--- DATASET SECTION Enclosed Below ---
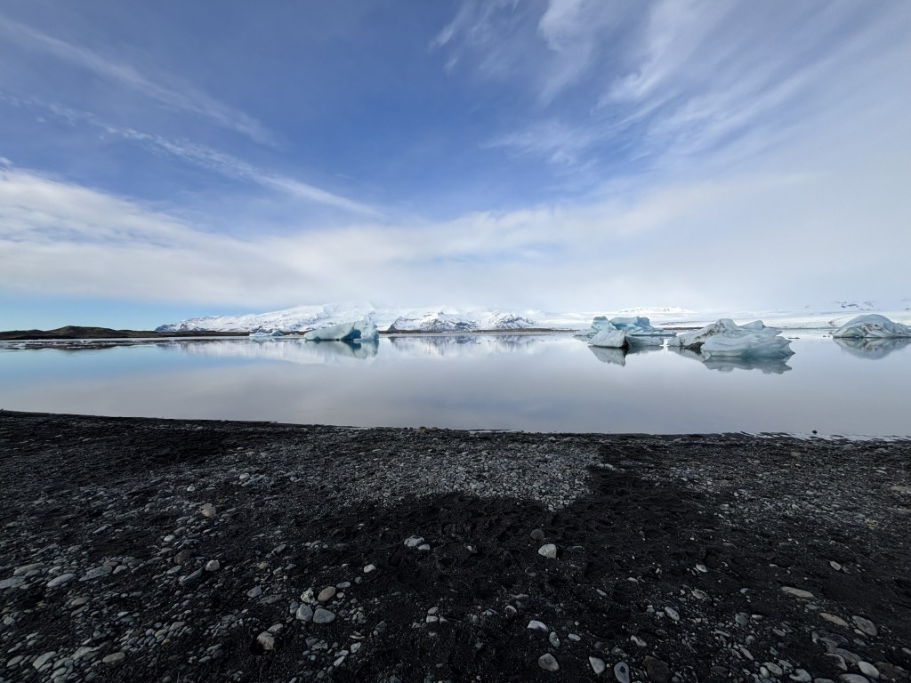Today we started our day out with breakfast at the hotel then we went to go see a glacial lagoon. The lagoon had large ice chunks floating in it with seals coming up for air in the harbor. Also, the lagoon goes out to sea leading to the calved ice chunks washing ashore. This gives the beach its nickname diamond beach.
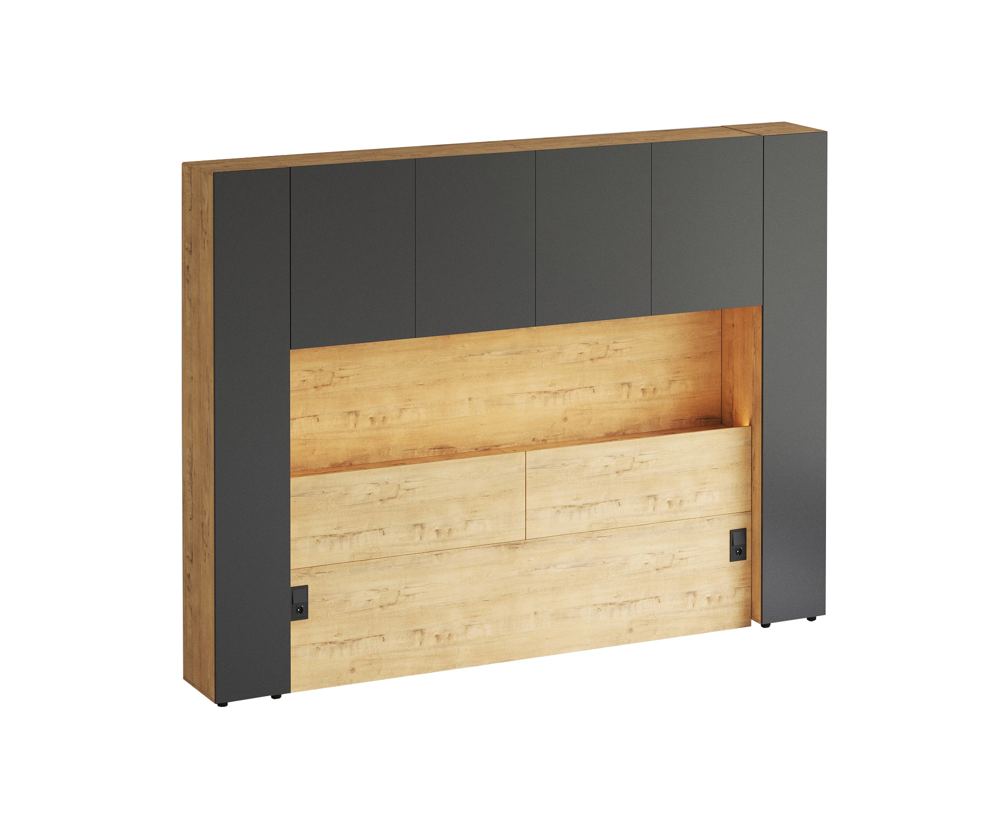 Кроватный блок предназначен для использования совместно с кроватью или диваном. Блок имеет два отделения за откидными дверьми и открытую полку над ними. Двери открываются за кромку, с помощью газовых кронштейнов. Кроватный блок оснащен светодиодным светильником, расположенным на открытой верхней полке. Светильник представляет собой алюминиевый профиль с матовым экраном, внутри которого установлена светодиодная лента. С левой и с правой стороны переднего щита блока установлены выключатели светильника и эл. розетки с разъемами USB А и Type C. Блок установлен на регулируемые опоры.
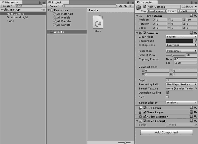 脚本创建完成后,需要将其添加到物体上。在 Hierarchy 视图中,单击需要添加脚本的游戏物体 Main Camera(主摄像机),然后执行 Component→Script→Move 菜单命令,如下图所示,Move 脚本就链接到了 Main Camera 上。
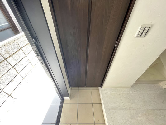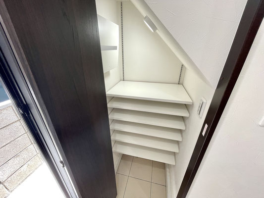 中に入ってすぐ左手には階段下を利用した下駄箱収納!
--- End of Enclosed DATASET SECTION ---
* **WHAT YOU WILL DO**:
The whole listing must be restated word for word. Leave out any pictures.

* **SOLUTION**:
Today we started our day out with breakfast at the hotel then we went to go see a glacial lagoon. The lagoon had large ice chunks floating in it with seals coming up for air in the harbor. Also, the lagoon goes out to sea leading to the calved ice chunks washing ashore. This gives the beach its nickname diamond beach.
 Кроватный блок предназначен для использования совместно с кроватью или диваном. Блок имеет два отделения за откидными дверьми и открытую полку над ними. Двери открываются за кромку, с помощью газовых кронштейнов. Кроватный блок оснащен светодиодным светильником, расположенным на открытой верхней полке. Светильник представляет собой алюминиевый профиль с матовым экраном, внутри которого установлена светодиодная лента. С левой и с правой стороны переднего щита блока установлены выключатели светильника и эл. розетки с разъемами USB А и Type C. Блок установлен на регулируемые опоры.
 脚本创建完成后,需要将其添加到物体上。在 Hierarchy 视图中,单击需要添加脚本的游戏物体 Main Camera(主摄像机),然后执行 Component→Script→Move 菜单命令,如下图所示,Move 脚本就链接到了 Main Camera 上。
 中に入ってすぐ左手には階段下を利用した下駄箱収納!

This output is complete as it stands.